> [What is required] Without copying any picture, transcribe exactly the lines of the data below from the one containing "對於狗狗相當有愛,過去在拍戲" through the one containing "Вес-9U вес нетто".

> [Entries supplied]

----------

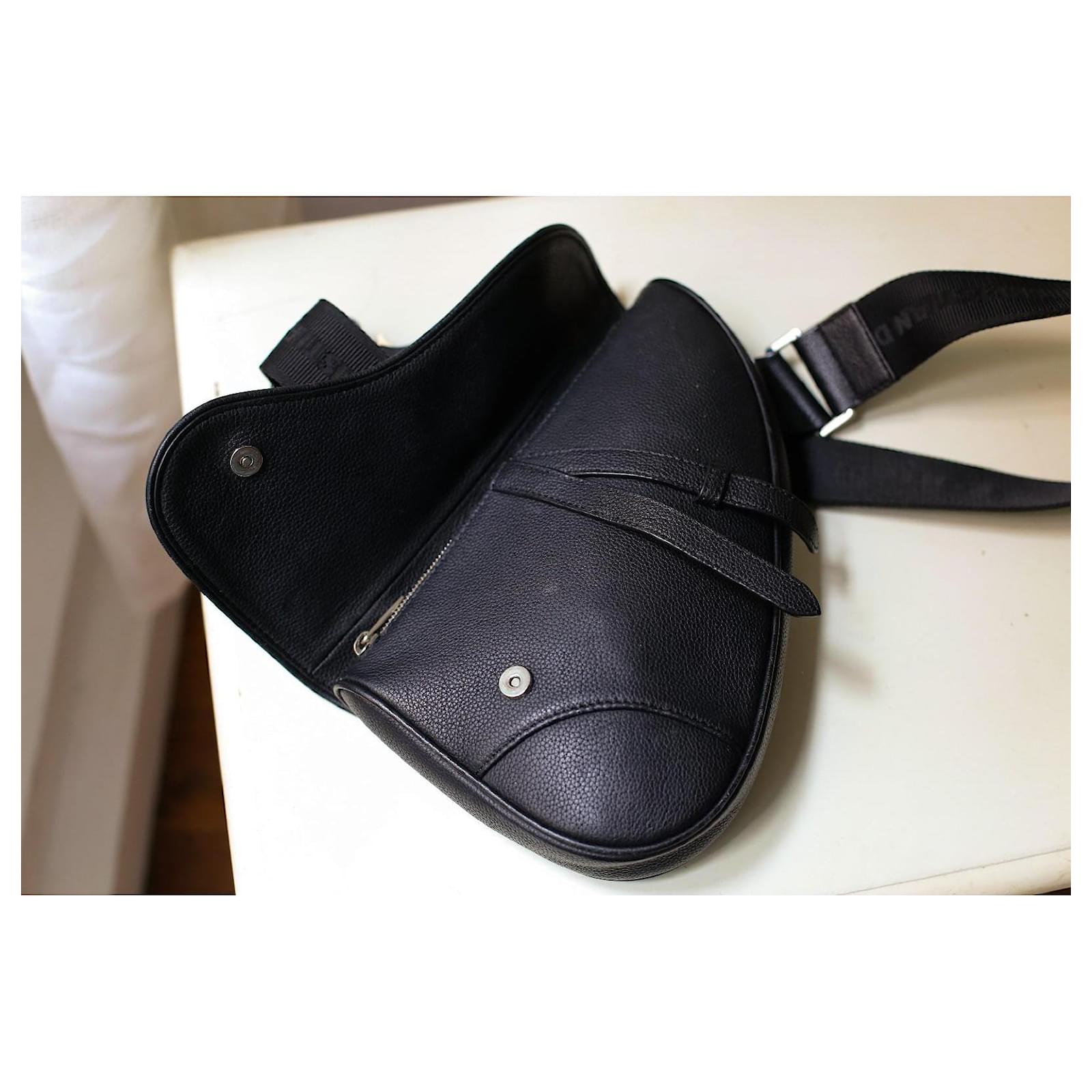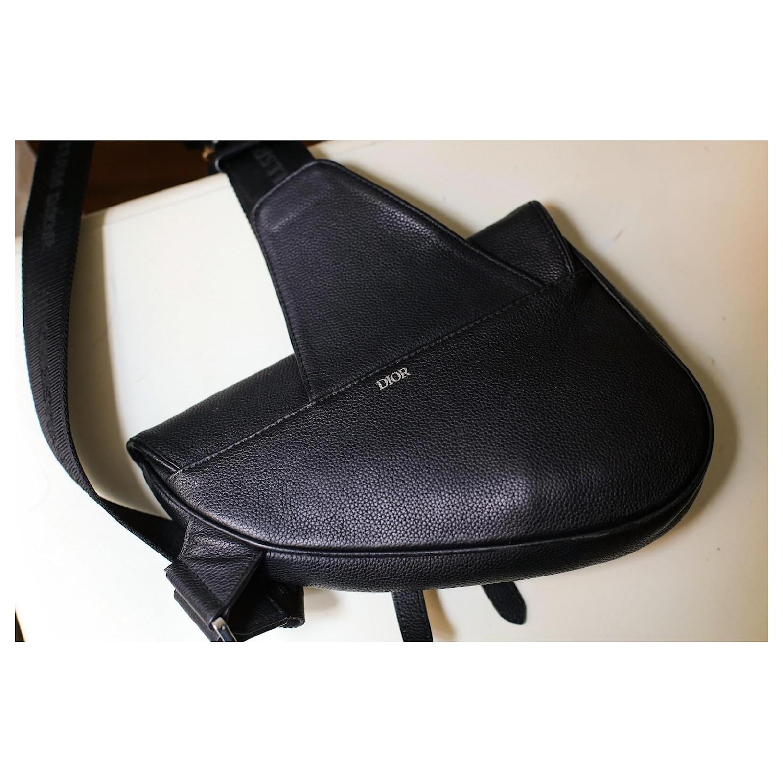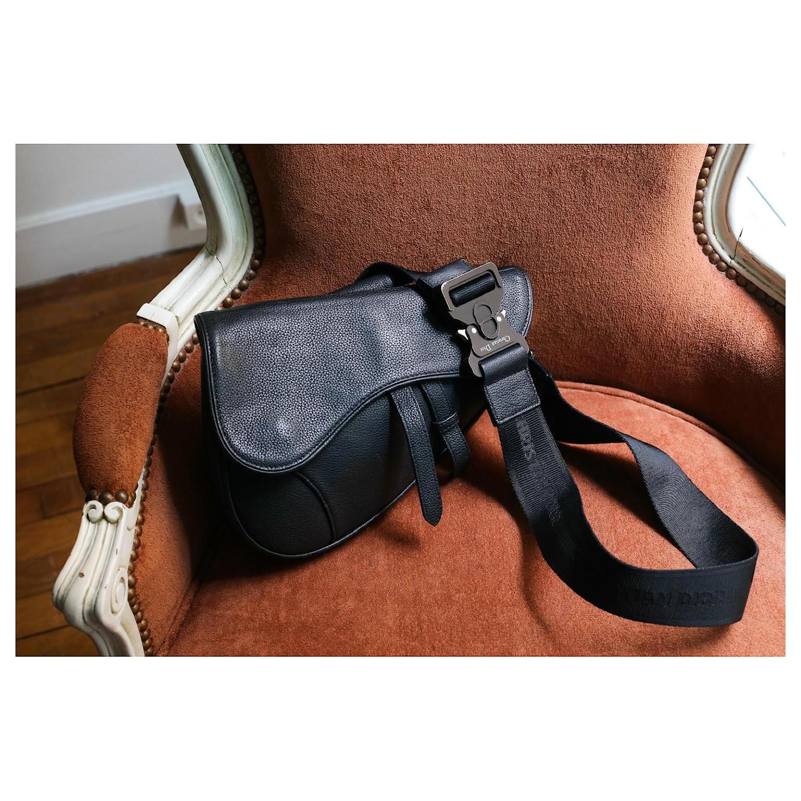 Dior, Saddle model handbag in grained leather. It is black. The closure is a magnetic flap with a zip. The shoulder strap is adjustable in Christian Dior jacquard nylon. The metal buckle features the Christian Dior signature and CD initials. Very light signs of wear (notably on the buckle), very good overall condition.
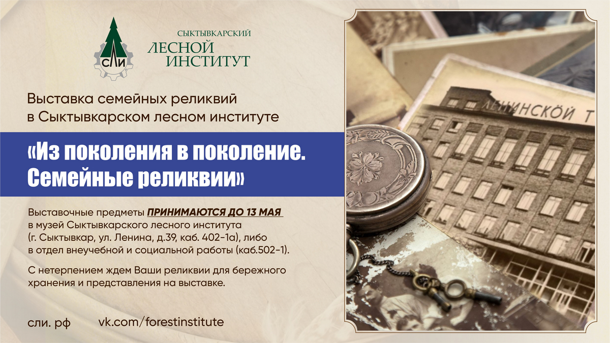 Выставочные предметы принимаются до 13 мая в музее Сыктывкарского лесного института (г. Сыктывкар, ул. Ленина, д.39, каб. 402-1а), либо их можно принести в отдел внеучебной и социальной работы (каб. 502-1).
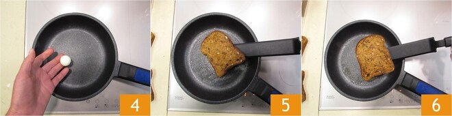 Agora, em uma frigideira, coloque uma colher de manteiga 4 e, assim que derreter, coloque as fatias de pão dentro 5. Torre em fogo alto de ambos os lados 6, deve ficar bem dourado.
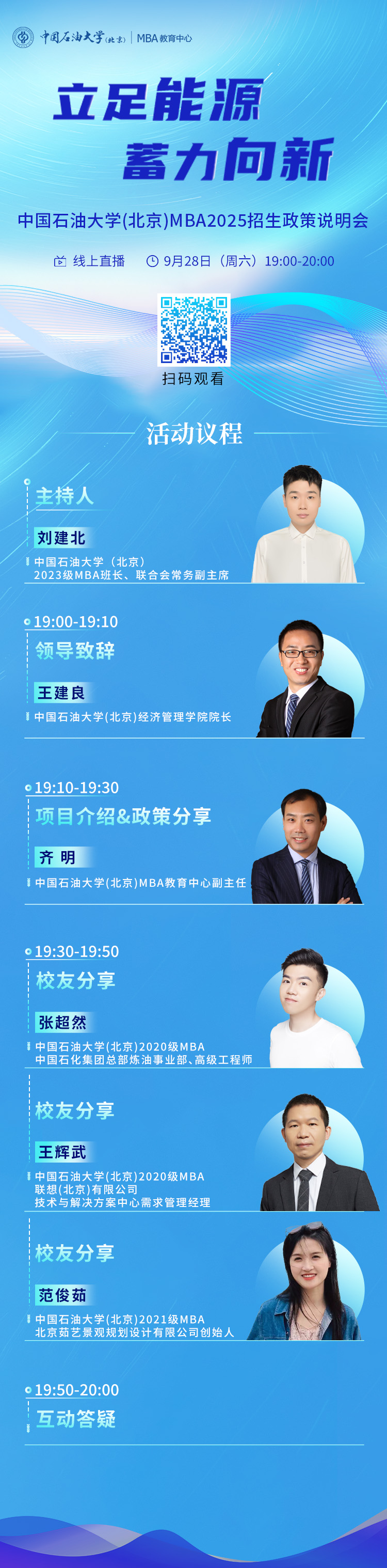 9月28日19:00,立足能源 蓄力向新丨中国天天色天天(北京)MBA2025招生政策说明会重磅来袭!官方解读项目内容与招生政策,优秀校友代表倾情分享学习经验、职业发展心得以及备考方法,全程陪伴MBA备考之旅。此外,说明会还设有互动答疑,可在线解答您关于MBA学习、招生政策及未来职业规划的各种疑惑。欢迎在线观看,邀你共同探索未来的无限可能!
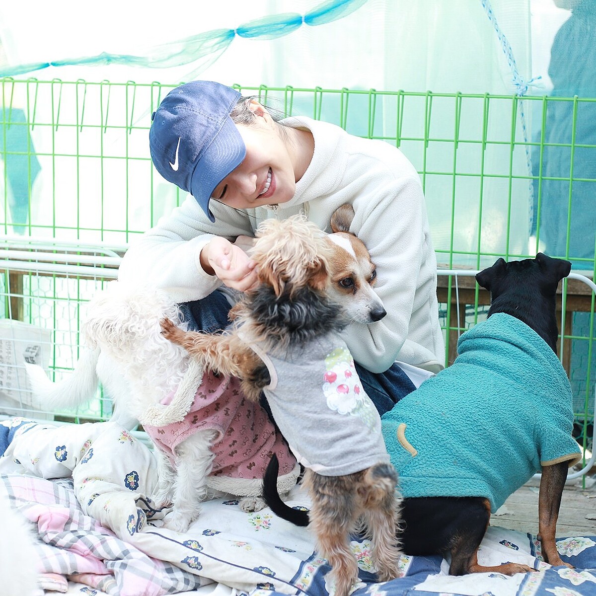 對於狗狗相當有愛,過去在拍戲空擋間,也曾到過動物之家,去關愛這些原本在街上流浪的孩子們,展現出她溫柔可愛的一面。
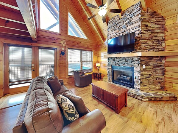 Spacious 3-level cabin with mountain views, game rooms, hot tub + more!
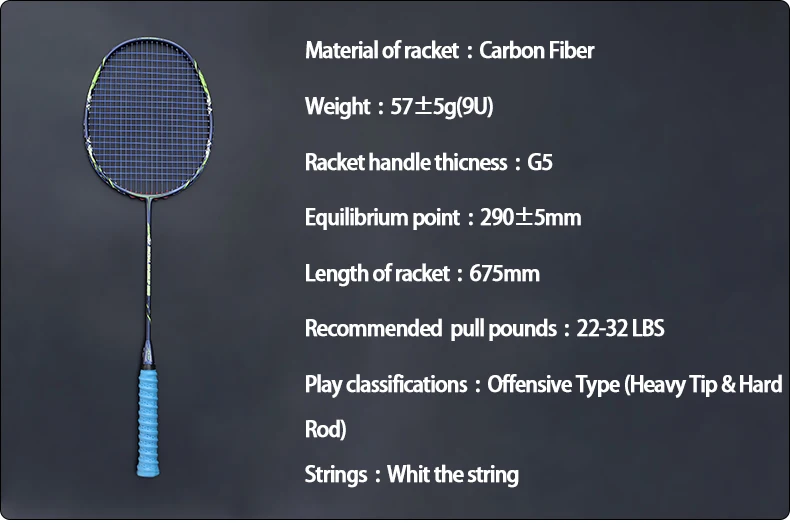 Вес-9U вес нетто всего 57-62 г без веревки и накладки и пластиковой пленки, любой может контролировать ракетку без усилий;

----------

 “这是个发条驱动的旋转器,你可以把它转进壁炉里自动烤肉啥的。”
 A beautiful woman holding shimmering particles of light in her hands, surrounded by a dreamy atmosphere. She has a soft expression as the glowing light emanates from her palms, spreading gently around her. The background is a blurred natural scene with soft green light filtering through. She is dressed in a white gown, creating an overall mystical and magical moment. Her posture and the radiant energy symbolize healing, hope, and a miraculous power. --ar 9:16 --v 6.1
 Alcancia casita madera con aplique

----------

> [Answer section]
 對於狗狗相當有愛,過去在拍戲空擋間,也曾到過動物之家,去關愛這些原本在街上流浪的孩子們,展現出她溫柔可愛的一面。
 Spacious 3-level cabin with mountain views, game rooms, hot tub + more!
 Вес-9U вес нетто всего 57-62 г без веревки и накладки и пластиковой пленки, любой может контролировать ракетку без усилий;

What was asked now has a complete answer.